Each line below from the one containing "Figure 2 – Transition" through the one containing "An aid tent" should be output exactly as it stands, and no other line should appear.

--- START ---

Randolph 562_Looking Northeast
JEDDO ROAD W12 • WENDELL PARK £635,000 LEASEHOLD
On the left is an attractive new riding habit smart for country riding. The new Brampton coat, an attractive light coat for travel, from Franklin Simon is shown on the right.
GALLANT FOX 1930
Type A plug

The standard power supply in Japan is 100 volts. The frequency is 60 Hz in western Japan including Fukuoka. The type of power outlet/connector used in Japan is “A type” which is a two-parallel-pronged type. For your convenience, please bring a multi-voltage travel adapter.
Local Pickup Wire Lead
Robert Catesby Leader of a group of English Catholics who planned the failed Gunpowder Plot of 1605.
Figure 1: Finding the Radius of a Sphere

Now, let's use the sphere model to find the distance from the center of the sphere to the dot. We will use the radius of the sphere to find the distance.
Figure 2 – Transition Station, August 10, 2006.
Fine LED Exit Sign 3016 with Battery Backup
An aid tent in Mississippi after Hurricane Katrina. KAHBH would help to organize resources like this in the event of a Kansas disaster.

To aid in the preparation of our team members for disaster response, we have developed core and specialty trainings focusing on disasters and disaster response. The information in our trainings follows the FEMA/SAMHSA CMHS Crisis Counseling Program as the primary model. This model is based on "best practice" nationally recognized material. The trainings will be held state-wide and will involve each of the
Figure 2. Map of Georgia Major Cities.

--- END ---
--- START ---

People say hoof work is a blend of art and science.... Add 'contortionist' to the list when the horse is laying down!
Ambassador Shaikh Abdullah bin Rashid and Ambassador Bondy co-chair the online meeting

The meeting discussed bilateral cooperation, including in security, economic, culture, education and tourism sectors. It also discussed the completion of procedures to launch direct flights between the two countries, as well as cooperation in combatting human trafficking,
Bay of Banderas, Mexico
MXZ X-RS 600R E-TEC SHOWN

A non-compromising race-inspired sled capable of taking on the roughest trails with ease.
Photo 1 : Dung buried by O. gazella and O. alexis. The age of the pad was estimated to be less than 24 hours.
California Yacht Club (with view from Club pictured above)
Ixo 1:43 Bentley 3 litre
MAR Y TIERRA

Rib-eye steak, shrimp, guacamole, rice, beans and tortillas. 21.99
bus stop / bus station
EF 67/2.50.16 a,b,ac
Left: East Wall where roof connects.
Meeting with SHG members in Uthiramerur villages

--- END ---

§ TASK RESULT
Figure 2 – Transition Station, August 10, 2006.
Fine LED Exit Sign 3016 with Battery Backup
An aid tent in Mississippi after Hurricane Katrina. KAHBH would help to organize resources like this in the event of a Kansas disaster.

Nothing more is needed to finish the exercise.